Crude DNA Isolation from Seeds

Overview

Teaching: 10 minutes
Exercises: 30 minutes

Questions

How to crude DNA Isolation from seeds?

Objectives

Extract PCR-only quality DNA from a large number of samples.

SAFETY INFORMATION

Before you start, look up the MSDS sheets for all the chemicals used in this protocol. Ensure you follow any recommendations/rules regarding wearing personal protective equipment, emergency procedures, and clean-up/disposal procedures. If you have any questions contact your supervisor or lab manager.

This protocol provides a quick means to extract PCR-only quality DNA from a large number of samples.

Supplies needed:

Tweezers
Toothpicks
Sterile Water
96-well PCR micro-plate
Heating block set to 95°C
0.5M Tris-HCL (pH 8.0)
0.25M NaOH

Protocol:

Photo of a bean with the seed coat scraped away on the front side.There is a small amount of cotyledon tissue on the tweezers to demonstrate the amount you need for extraction.
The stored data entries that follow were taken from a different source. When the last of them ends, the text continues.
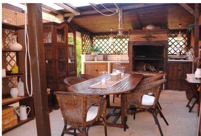
A-2340 BBQ Zone 2
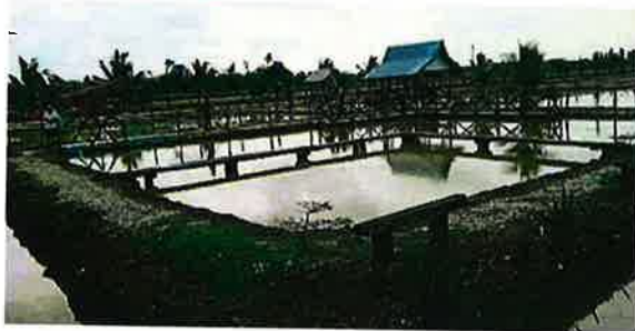
丹絨加弄農業科技展覽中心，除了可以感受到农村的风情，还可看見從遠處看不到的稻田，也可從中了解傳統稻米耕作过程。
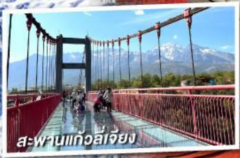
สะพานแก้วลี่เจียง
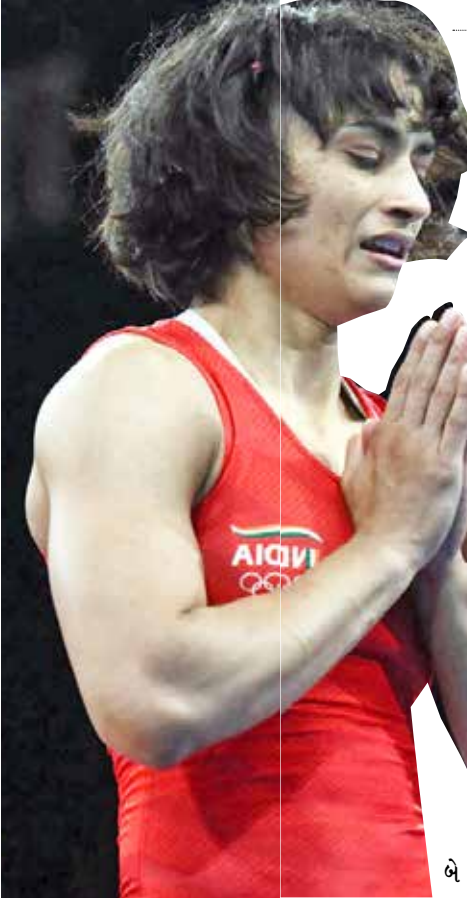
(એજન્સી) પેરિસ તા 10

આંતરરાષ્ટ્રીય ઓલિમ્પિક સમિતિના પ્રમુખનું મોટું નિવેદન
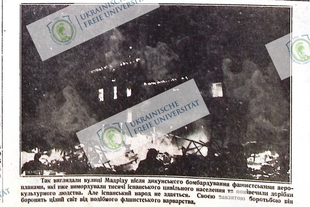
Так виглядали вулиці Мадриду після дикунського бомбардування фашистськими аеропланами, які вже вимордували тисячі іспанського цивільного населення та понівелили доробки борючий цілий світ від подібного фашистського варварства.

Тепер порівняємо ціни на пшеницю в період з 1910 до 1915 рр. і ціни на пшеницю в період з 1930 року.
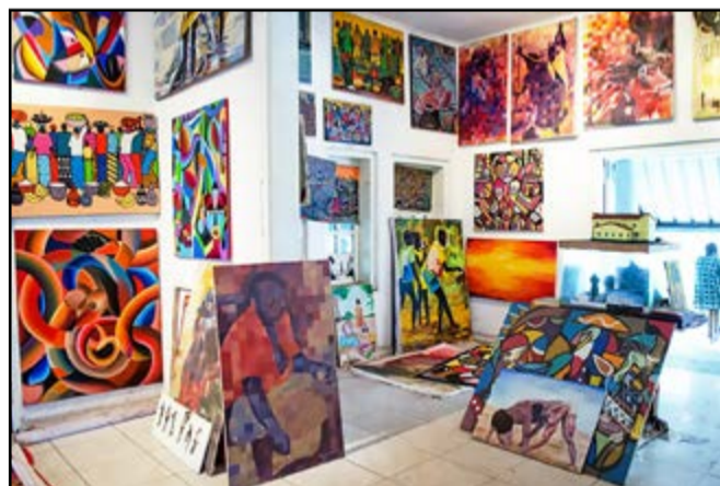
Une exposition des tableaux d'un artiste congolais

La Journée mondiale de l'art a été commémorée le 15 avril dernier à travers le monde, sous le thème: "Vitr art nouveau". Cette journée contribue à renforcer les liens entre les créations artistiques et la société, à promouvoir une meilleure prise de conscience artistique, et à mettre en valeur la contribution des artistes au développement. Cette journée dont la proclamation a eu lieu, lors de la 40e session de la Conférence générale de l'UNESCO en 2019, est également un moment idéal pour célébrer la créativité et apporter de la joie aux autres.
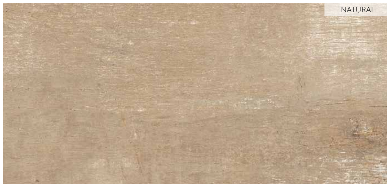
20 x 120 (8" x 48") _____ Natural B-74
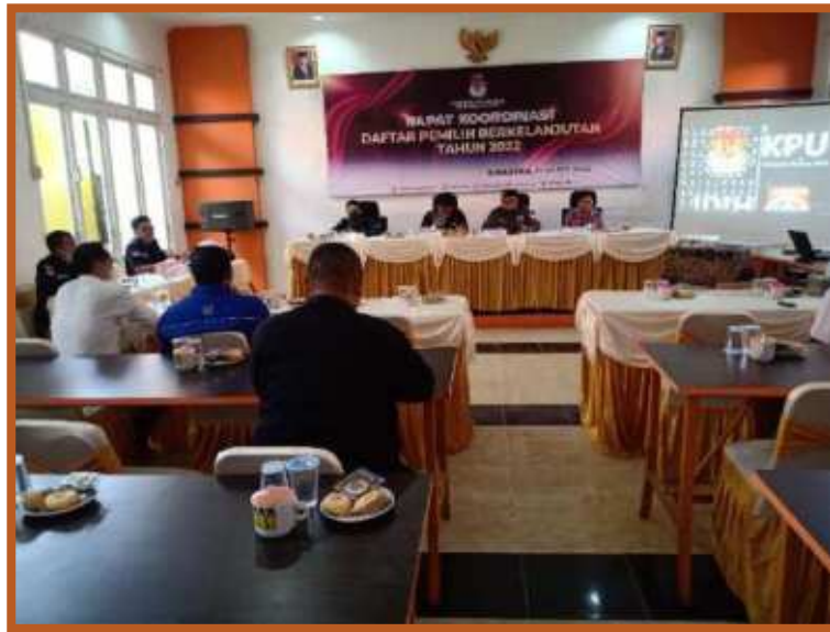
Foto: Rapat Koordinasi DPB Tahun 2022 Triwulan I KPU KKU
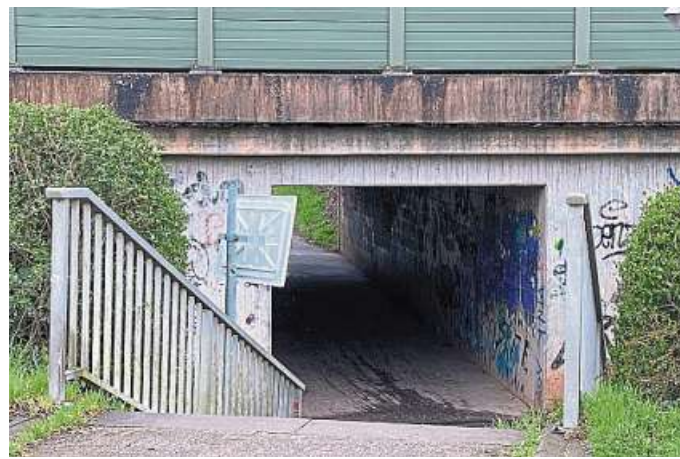
Der Rabe-Tunnel im Nordertor als Ort des Schreckens: Das soll schon bald vorbei sein.

Nach der erfolgreichen Umgestaltung des Friedhofs Bollmannstraße - Schwerpunkt des Tages der Städtebauförderung 2022 - will man jetzt gemeinsam das Projekt Rabe-Tunnel angehen. Nach den Vorstellungen von Schöning und Müller-de Buhr soll der Tunnel des Schreckens in ein Kunstwerk verwandelt werden. Aus dem Angst-Ort soll sozusagen ein trockenes Aquarium werden. Beide setzen auf die Unterstützung aller Menschen, die ab sofort wieder im Offenen Atelier auf dem Friedhof Bollmannstraße zusammenkommen, um aus widerstandsfähigen Glascherben farbenfrohe Mosaik-Fische entstehen zu lassen. Mosaik-Fische sind quasi das Markenzeichen des Geschehens rund um das Stadtteilhaus. Mit Unterstützung von Katja Sturhan und Kalle Sturhan-Dütschke von der Kunstwerkstatt „Artenreich“ in Asendorf sind schon zahlreiche kleinere und größere äußerst witterungs-
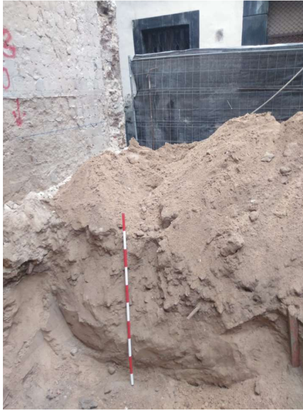
Lám. V. Perfil de batache en esquina suroeste.

En la excavación para esta losa de cimentación se documenta un primer estrato compuesto por restos de pavimentación contemporánea y escombros (UE1) de unos 0,20 m. de potencia y bajo éste un estrato de arena de duna (UE2) hasta la cota final, donde se localizan algunos restos óseos de fauna algunos fragmentos de cerámicas modernas (bordes de botijas, escudilla de loza blanca,...) junto a otro de apariencia almohade (galbo de posible ataífor con línea de almagra bajo melado, galbo de jarra restos de decoración pintada en rojo).
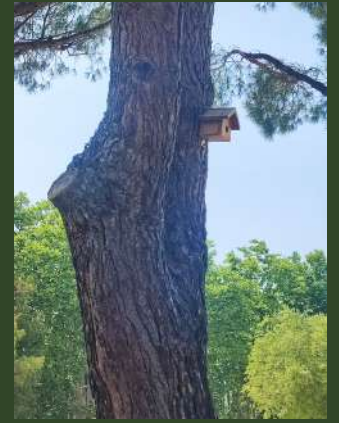
Collège Alphonse Tavan, Montfavet.
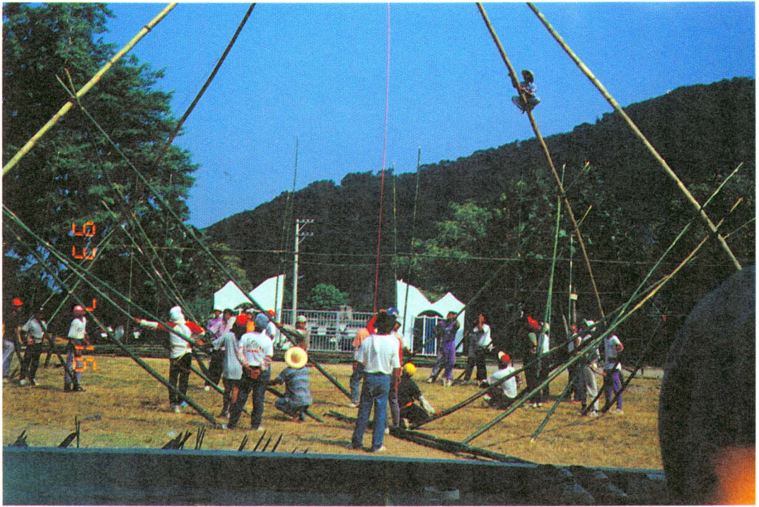
圖版十一：垂下紅繩吊起秋千索
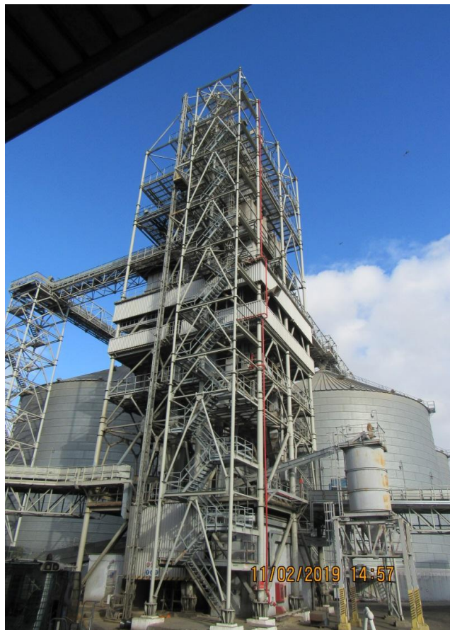
б – фото дозатора
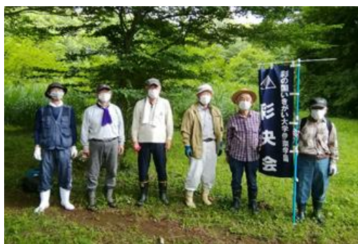
北本自然観察公園で下草狩りのボランティア活動
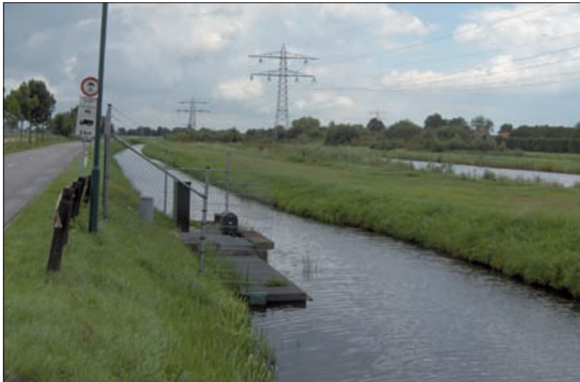
De Stuw ter hoogte van de splitsing BeHa en WeBe.

Aan het einde van de Kooidijk voert de route naar links. Ter hoogte van de T-splitsing van de Burgermeester Huydecoperweg en de Westbroekse Binnenweg valt ons oog op de aan de oostzijde gelegen Stuw met vispassage. Deze stuw zorgt ervoor dat overtollig water vanuit de polder Achtienhoven naar de polder Maarseveen (aan de overzijde van de weg) kan overlopen. Voor vissen is een stuw niet te overbruggen; daarom is een vispassage aangelegd. Deze
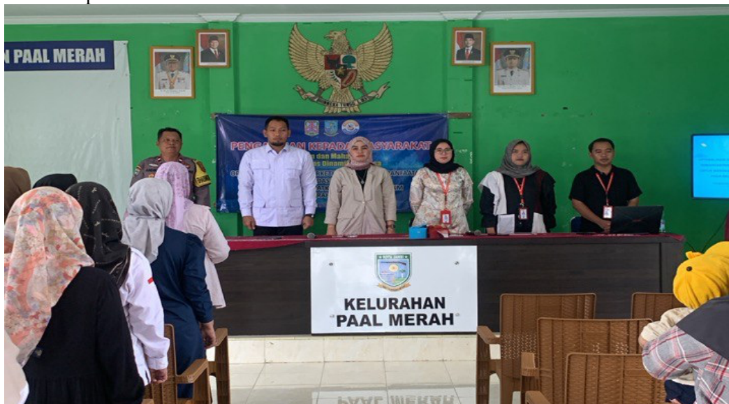
Gambar 1. Pembukaan dan Menyanyikan lagu Kebangsaan Indonesia raya

Pelaksanaan Kegiatan di mulai dengan Pembukaan dengan memperkenalkan masing masing anggota tim pelaksana dan penyampaian maksud serta tujuan yang di lakukan oleh moderator, kemudian menyanyikan lagu kebangsaan Indonesia raya dan penyampaian kata sambutan yang di lakukan oleh Kepala Lurah PaalMerah Kota Jambi.
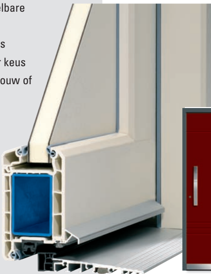
Thermisch gescheiden drempels van aluminium voor kunststof huisdeuren (standaarduitvoering)
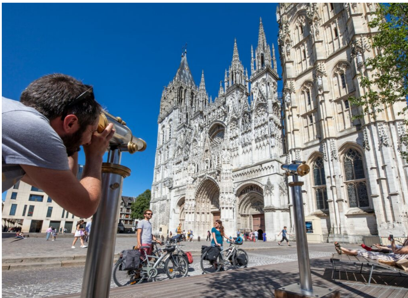
La cathédrale Notre-Dame-de-Rouen se situe en plein cœur de la capitale normande.

Depuis Rouen, direction La Bouille ! Les clochers de la capitale normande laissent place aux grues du premier port exportateur de céréales d'Europe, avant de s'effacer pour dévoiler les villages de grès et colombages typiques de Normandie. Les cyclistes pédalent au cœur du Parc naturel régional des boucles de la Seine. Pour rejoindre La Bouille, sur l'autre rive de la Seine, pas de pont mais un bac, une tradition fluviale qui perdure en Seine-Maritime. Classé sixième lors de la dernière édition du Village préféré des Français, La Bouille est un charmant village qui a su séduire Turner, Sisley ou encore Gauguin.
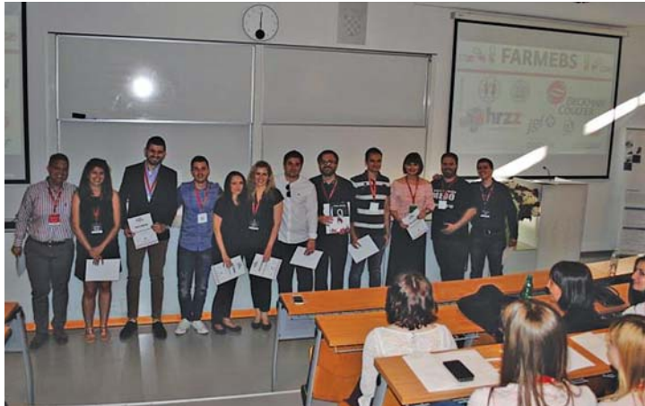
Slika 5. Dio organizacijskog odbora tijekom zatvaranja FARMEBS-a 2017

Da bi skup bio besplatan za sve studente koji su sudjelovali, uloga pokrovitelja je bila neprocjenjiva neovisno o kojem obliku pokroviteljstva se radilo. Organizatori su zahvalni svima (slika 6.).
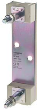
SITOR Sicherungshalter 1250A 1250V 1-polig mit Bolzenanschluss mit Befestigungsmaß 110mm
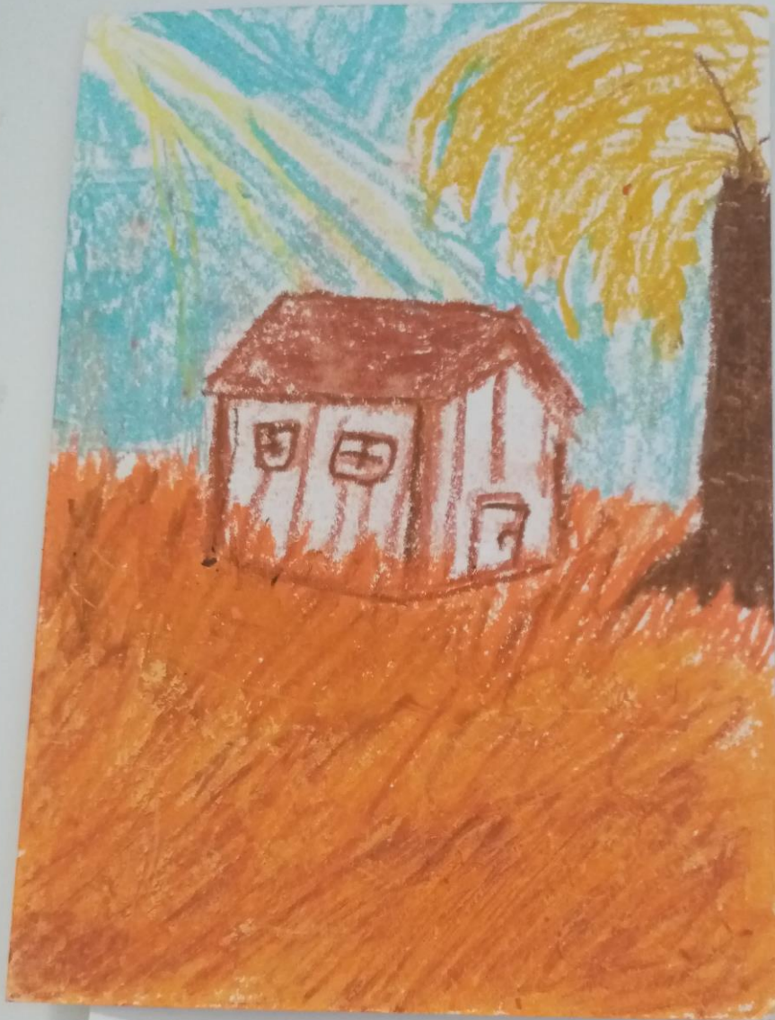
Ida Galetić, Jesenje večer
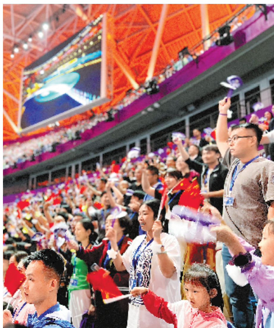
热情的观众

缓缓升起的五星红旗,全场大合唱时感动流泪的女生,阿联酋代表团入场时手中的中国国旗,人类首次上演的数字融合点火……杭州第19届亚运会开幕式上,N个经典瞬间,引爆了现场观众的热情,如潮掌声和欢呼声,一浪赛一浪。
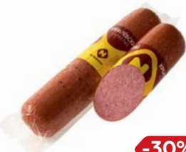
Сервелат КРЕМЛЕВСКИЙ , (ОМПК), 100 г
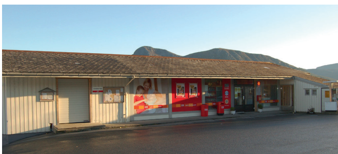
Coop Marked Kvamøy
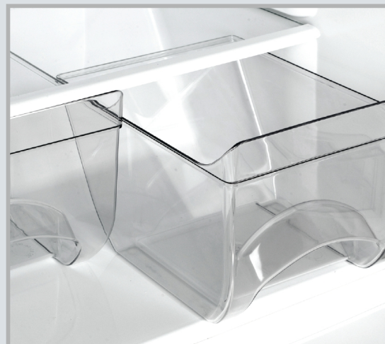
Два сосуда для овощей и фруктов
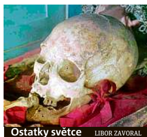
Ostatky světce

Česko se chystá na letošní světovou výstavu Expo, která se v říjnu uskuteční v Dubaji. Představí se tam také lázeňská města. Například město Teplice se bude prezentovat lebkou křesťanského mučedníka a patrona lázeňství svatého Clariho. Ostatky jsou uloženy v chrámu Povýšení sv. Kříže. Lebka bude součástí lázeňské kolonády. Svatý Clari žil zhruba ve čtvrtém století v Dalmácii a byla mu prisuzována zázračná schopnost
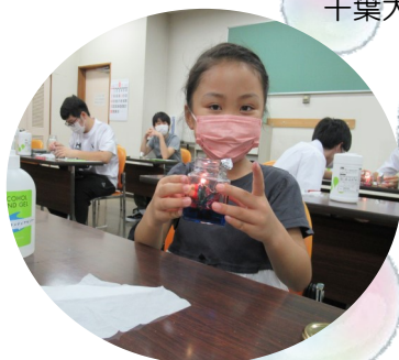
災害ボランティア講座
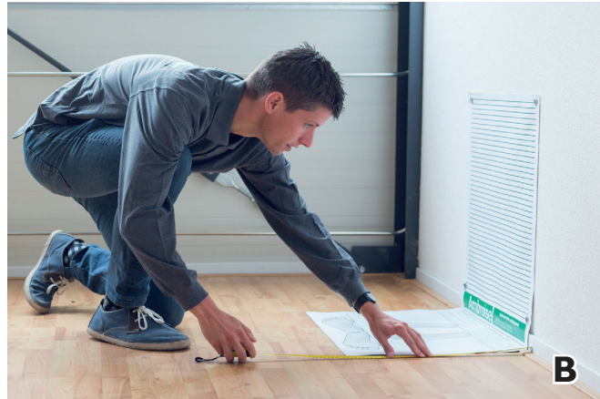
B. Messen Sie einen Abstand von 2 Metern zur Wand ab.
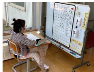
お知らせ黒板を活用した 言語指導
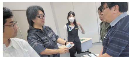
放射線測定の様子

授業に役立てていただくために、六ヶ所原燃PRセンター他（日本原燃株式会社）の見学会を7月26日、27日に開催しました。
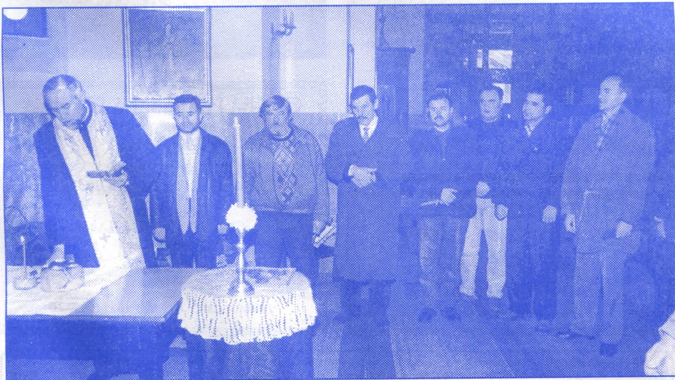
Чување традиције: Света три јерарха, слава српских радикала

Прво би кренули са увођењем реда у ове послове тако што би сва гробља била ограђивана и конзервирана, затим би се извршило ажурирање и утврђивање стања свих гробница, довођење воде и осталих комуналних потреба и одређивање радника који ће гробље одржавати.
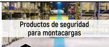
Productos de seguridad para montacargas
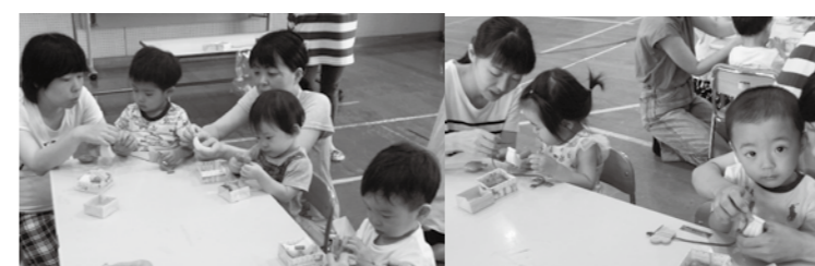
▲スマイルキッズルームでの様子
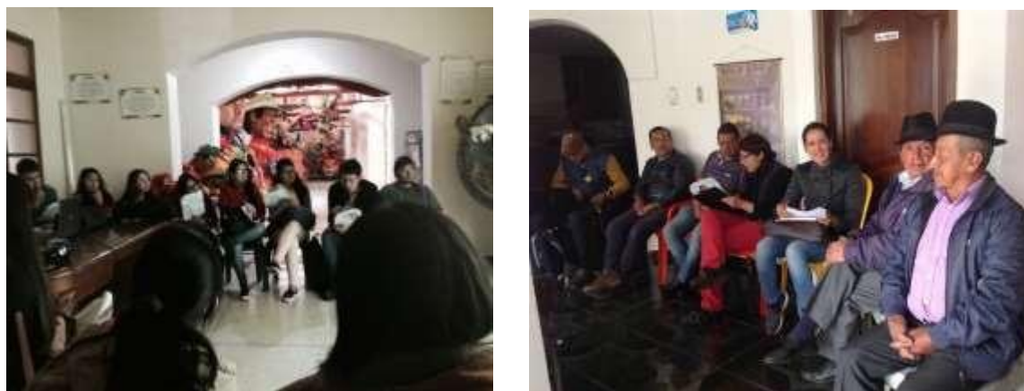
Figura 9. Participantes del censo de artistas y artesanos
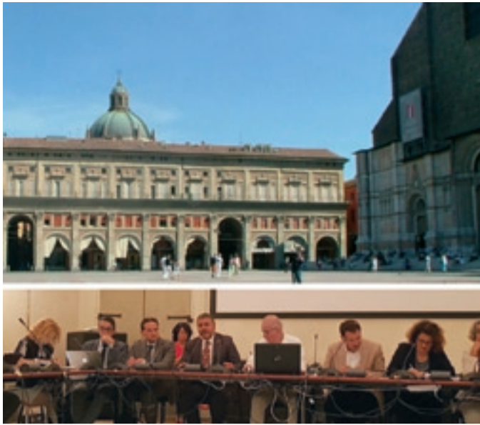
Club per l'UNESCO di BOLOGNA

Conferenza presso il Comune di Bologna per la candidatura UNESCO dei "Portici di Bologna", settembre 2018.
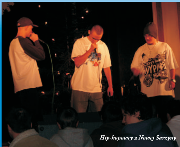
Hip-hopowcy z Nowej Sarzyny

Try to keep this amount consistent between samples. Ensure you only take a sample of the cotyledon and do not damage the embryo. Screenshot of main code listing

Using Tweezers (or a Razor Blade or Scalpel – whichever you find easiest), chip off a small area of seed coat to expose the cotyledons.
- For beans and lentils, seed coat tissue is derived from maternal parent and does not represent genotype of the embryo. Therefore avoid contaminating sample with seed coat tissue.
- Avoid damaging the embryo when chipping the seed coat.
Place a 96-well PCR micro-plate on ice. Add 2 µl of sterile water to each well.
Add a small 1-2 µl drop of water to the exposed section of the cotyledon. It is typically best to line up a series of seeds at once.
Using a clean toothpick scrape a small amount of seed flour. Transfer the collected sample into the PCR well by dipping and gently swirling the toothpick into the water at the bottom of the sample well.
- Only a small amount of flour is needed. More is NOT better.
- Be as consistent as possible with regards to the amount of tissue being collected.
Repeat Steps 3-5 until all samples are collected.
Once all samples are collected add 10 µl of 0.25M NaOH to each well.
Seal samples. Shake/Vortex briefly on plate-mixer if available. Place plate on 95°C heating block for ~2 minutes. Remove and leave at room temperature.
Carefully remove seal and add 15 µl of 0.5M Tris-HCl (pH 8.0) to each well.
Seal the samples. Shake/vortex on plate-mixer if available. Place plate on 95°C heating block for ~2 minutes. Remove and place on ice.
Samples can be used immediately, stored in the fridge for a few days, or frozen indefinitely.
For regular PCR, use 1.0-2.0 µl of sample in a 15-25 µl PCR reaction. For KASP-based PCR, dilute the DNA by adding 100 µl of sterile water. Then use 2.0 µl of diluted DNA in a 8-10 µl KASP reaction.

Important Notes:

For best results, try to be as consistent as possible with the amount of tissue collected. As with any PCR, KASP-based PCR works best when starting samples have same amounts of DNA. By being consistent, you should not have to quantify the DNA.

Key Points

Read through Safety Information before you start the experiment.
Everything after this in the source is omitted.